The four-year-old bay colt has raced primarily across Germany in several Group 1 and 2 races since the spring. His impressive win in the Group 1 Preis von Europa last month, where the starters began without a starting gate and on a right-handed course, should be testament to the colt's versatility as well as staying power.
“On that day, it was raining and it was very soft ground and they had no chance to go for the gates on the racetrack. He loves soft ground. And that's what we hope that it can rain here – for soft ground. He is two classes better on soft ground.”

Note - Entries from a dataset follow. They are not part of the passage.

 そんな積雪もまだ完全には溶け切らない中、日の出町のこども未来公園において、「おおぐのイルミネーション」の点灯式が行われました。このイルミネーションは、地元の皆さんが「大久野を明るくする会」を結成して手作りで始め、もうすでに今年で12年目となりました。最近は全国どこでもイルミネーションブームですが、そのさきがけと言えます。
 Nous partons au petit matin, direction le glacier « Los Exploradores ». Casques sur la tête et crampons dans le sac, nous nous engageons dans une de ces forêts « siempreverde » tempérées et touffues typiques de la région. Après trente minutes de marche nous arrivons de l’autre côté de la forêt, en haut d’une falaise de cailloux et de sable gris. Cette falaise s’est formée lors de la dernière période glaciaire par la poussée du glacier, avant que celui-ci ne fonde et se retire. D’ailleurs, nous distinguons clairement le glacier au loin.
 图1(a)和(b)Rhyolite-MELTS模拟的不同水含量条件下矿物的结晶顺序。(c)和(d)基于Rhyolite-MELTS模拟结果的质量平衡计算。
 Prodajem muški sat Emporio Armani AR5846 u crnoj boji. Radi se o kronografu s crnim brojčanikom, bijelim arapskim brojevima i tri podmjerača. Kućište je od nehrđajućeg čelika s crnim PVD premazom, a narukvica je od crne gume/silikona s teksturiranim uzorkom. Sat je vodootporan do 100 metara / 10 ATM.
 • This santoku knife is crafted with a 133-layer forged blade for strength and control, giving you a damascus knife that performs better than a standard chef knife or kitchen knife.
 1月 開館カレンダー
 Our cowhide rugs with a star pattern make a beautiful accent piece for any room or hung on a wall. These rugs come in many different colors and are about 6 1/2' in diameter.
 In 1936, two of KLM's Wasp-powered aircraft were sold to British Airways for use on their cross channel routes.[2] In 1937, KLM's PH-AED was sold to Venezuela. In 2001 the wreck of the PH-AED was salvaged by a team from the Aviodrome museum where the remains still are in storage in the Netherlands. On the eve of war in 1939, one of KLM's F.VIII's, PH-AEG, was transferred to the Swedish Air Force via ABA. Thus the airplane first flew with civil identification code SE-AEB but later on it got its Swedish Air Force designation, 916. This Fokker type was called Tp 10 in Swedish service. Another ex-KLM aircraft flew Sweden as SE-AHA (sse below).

Meanwhile, his travelling companion, the four-year-old grey filly Sky Full of Stars, is not opposed to running on firmer ground in the 1 1/4-mile E.P. Taylor Stakes, the Grade 1, $500,000 stakes for fillies and mares which is the companion feature on Saturday's program.
Beltermann notes the filly is comfortable running on either a firm or yielding turf course.
Sky Full of Stars will face off against eight other competitors including French filly Golden Legend. Trained by H.F. Devin, the four-year-old bay made her way from France to Canada this week with assistant trainer Benoit Peyrot.
Golden Legend is fresh off a win in the Group 3 La Coupe de Maisons-Laffitt and Peyrot is quick to point out that she defeated males there.
“She won in front of Robin of Navan,” said Peyrot. “A good English horse, he won a Group 1 at two years old, he is very hard horse.”
Despite the long trek to Toronto, Peyrot is happy with how his charge has travelled.
Moreover, like his Euro counterparts, he acknowledges that turf conditions will also factor into her performance.
“She won when it was soft and she won when it's been hard, but she would prefer soft ground.”